The second part of transformation involves creating variables. As I have said before, I like a focused approach to data analysis. If you start transforming variables for analysis (taking the square and cubes, etc.) you add variables. Seems to run counter to taking a focused approach, I know. I am not suggesting creating every possible transformation, but you are going to need a few to help you capture non-linear effects or normalize your data.

In my experience, if you take take the square, the log (base 10), and the inverse of your variables you are going to get most of the value out of your transformations. You are going to need to use some common sense (what is the square of a categorical variable?) but in general, you are not going to need to go crazy creating new variables. However, your data analysts are going to want to create every possible transformation that they can think of; it is easy and they might need them later. Serious emphasis on might. In my opinion, the time would be better spent thinking about what transformations are actually useful. Also, each of those transformations creates another column of data that has to be processed, slowing down your analyses. My recommendation is to use the big three and if you can logically think through other variables that may need to be transformed, tackle those on an one-off basis.

Another type of transformation is creating interaction terms. I had written a long and involved descriptions of how interactions work and why you should care, but I deleted it; I think interactions deserve deserves its own post. Interactions capture additional impact of two variables combines that is not captured by considering each variable separately. The short version is that you can (and should) create interaction variables by multiplying variables together. The challenge: it is difficult to know which interactions to create. You could guess by now that I am not in favor of creating every possible interaction terms, you would create an enormous data set that would not be useful. I am a fan of creating interactions that, due to your understanding of your business, you think exist and making them a regular part of your transformation process.
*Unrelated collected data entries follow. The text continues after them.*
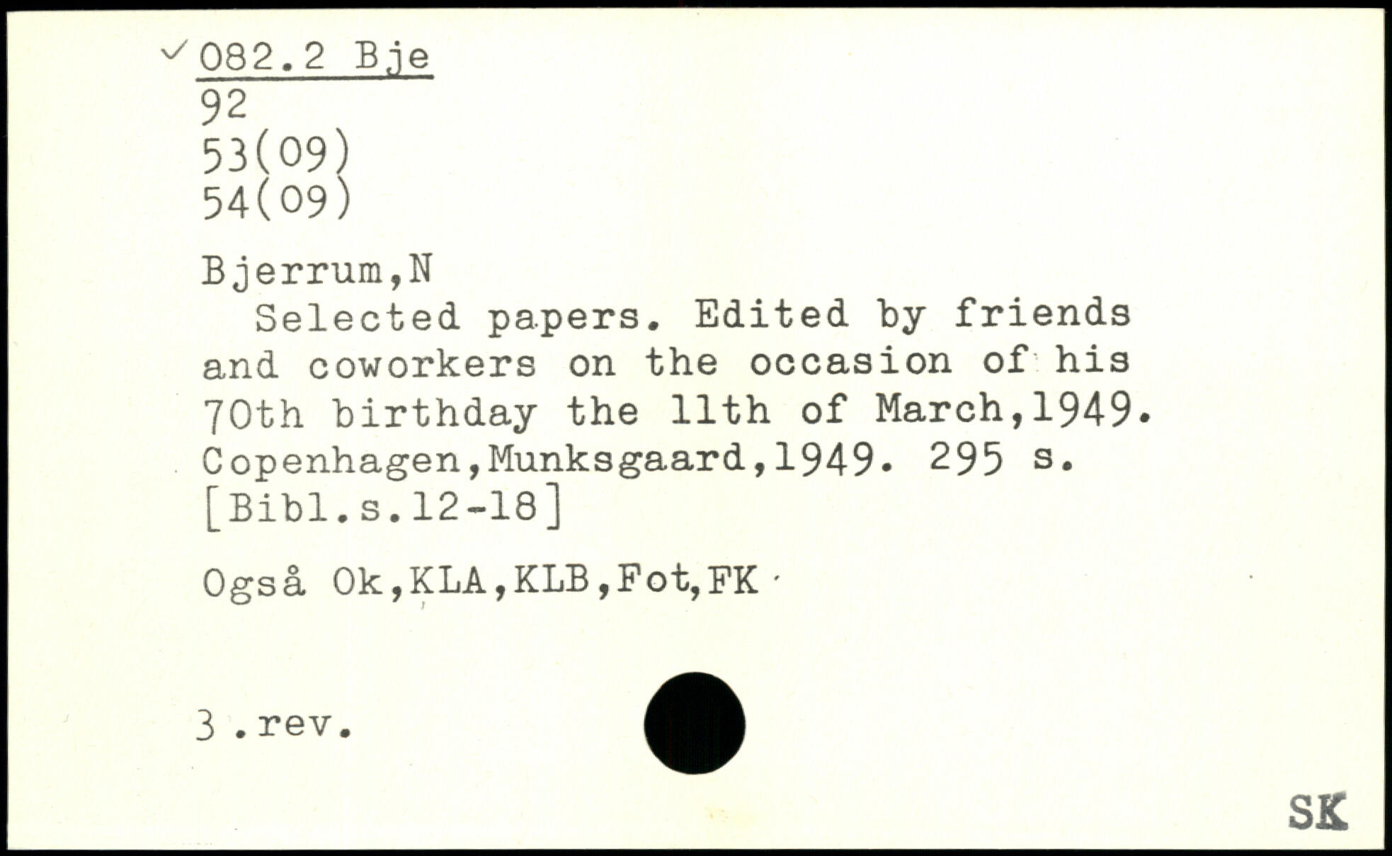ForsideBøgerSelected papers. Edited b… the 11th of March,1949.
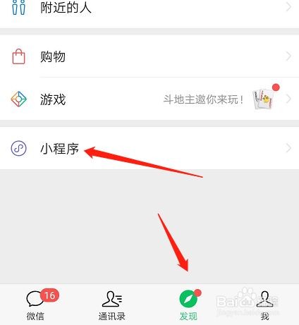 5、如果以后还想观看王者荣耀直播视频,可直接点击微信中的“发现”,找到“小程序”。
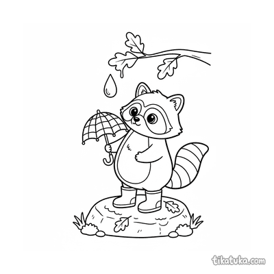 Mapache con paraguas bajo rama
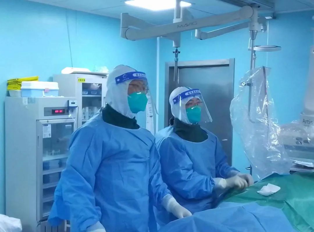 23:59分,市传染病医院紧急联系我院副院长、第一方舱医院院长杜建军请求支援。经诊断,该患者为急性非ST段抬高性心肌梗死,Grace评分极高危组,立即指导药物治疗,同时建议紧急行冠脉造影,必要时行介入治疗。时间就是生命,刻不容缓,在市卫健委的统筹下,考虑到该患者为新冠病人,经研判后,将患者迅速转运至相对封闭的市二院导管室进行抢救,由我院方舱医院闭环管理的心内科专家郑凯、梁羽以及护士李洪波组成介入团队开展手术抢救。
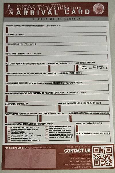 雖然已經沒有多少時間可以補眠了,但還是要先填入境單,據說這是新版的入境卡,還有繁體中文字,只是還是必須寫英文,所以還得先準備填表的基本資料英文版喔!
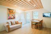 Von der Wohnküche gelangt man direkt auf den kleinen Balkon, der sich inmitten der Natur befindet.

Last piece, Load. I have nothing to say here. In most analytic platforms, once you have extracted the data, it is loaded. Really, the process for data analyst should be called ELT.

Take aways? You want to be thoughtful about your transformation process. People often create tons of variables as a proxy for thinking deeply about the problem they are trying to solve. Creating big, dumb, datasets have real costs associated with them. Not least of which is that they are hard to analyze. Also, create a standard method for data cleaning and make sure everyone knows the standard.

OOO

Sorry for the radio silence. I have been traveling for the last 10 days and have little access to an internet connection. Today, I am speaking at the "Optimization Summit" in San Francisco, traveling back to DC tomorrow, and back in the harness on Friday. I have a new "Value Chain" post in the hopper and I'll post it in a couple of days.